In a non-limiting example, the timing requirements that can be set by each processing unit 202 can include requiring an instruction (e.g., corresponding to each address provided from the processing unit 202) to be provided within a particular time period (e.g., clock cycles). While the intermediate component 104 can provide an instruction (e.g., instruction 224) fetched from an address (e.g., an address 222) to the processing unit 202 if doing so can still meet the timing requirements, the intermediate component 104 may instead provide an alternative instruction (e.g., instruction 226) to the processing unit 202 to ensure that the timing requirements are met and to maintain the flow of the processing unit’s operations. For example, the instruction caches 207 can either provide respective instructions (e.g., “D1”, …, “D7”) if they are available at the instruction caches 207 when the respective instructions are required to be provided to meet the timing requirements or provide alternative instructions (e.g., JUMP instructions) if they are not available (or expected to be unavailable) when the respective instructions are required to be provided to meet the timing requirements.

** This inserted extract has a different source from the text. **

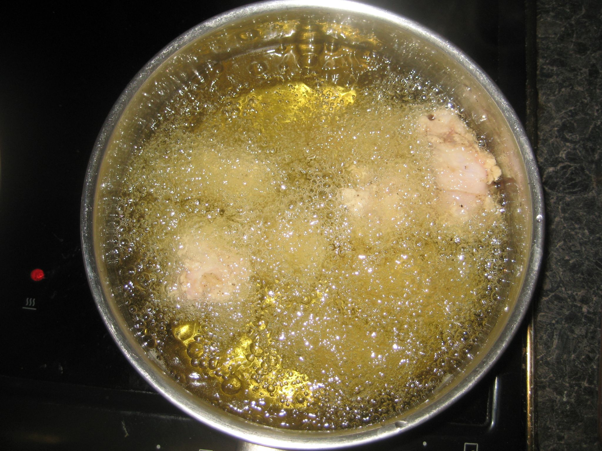 ครบกำหนดนำไปคลุกกับแป้งทอดกรอบให้ทั่วชิ้น นำลงทอดให้สุกกรอบ พักไว้ให้สะเด็ดน้ำมัน

In a non-limiting example illustrated in FIG. 2C, a JUMP instruction 226-1 (“J1”) is returned to the processing unit 202-1 in replacement of the instruction 224-1 (e.g., “D1”), due to the instruction 224-1 being double-length and another portion of the double-length instruction (e.g., “D2”) not yet being available. Similarly, a JUMP instruction 226-2 (“J2”) is returned to the processing unit 202-1 in replacement of the instruction 224-2 (e.g., “D2”), due to the instruction 224-1 not being returned previously.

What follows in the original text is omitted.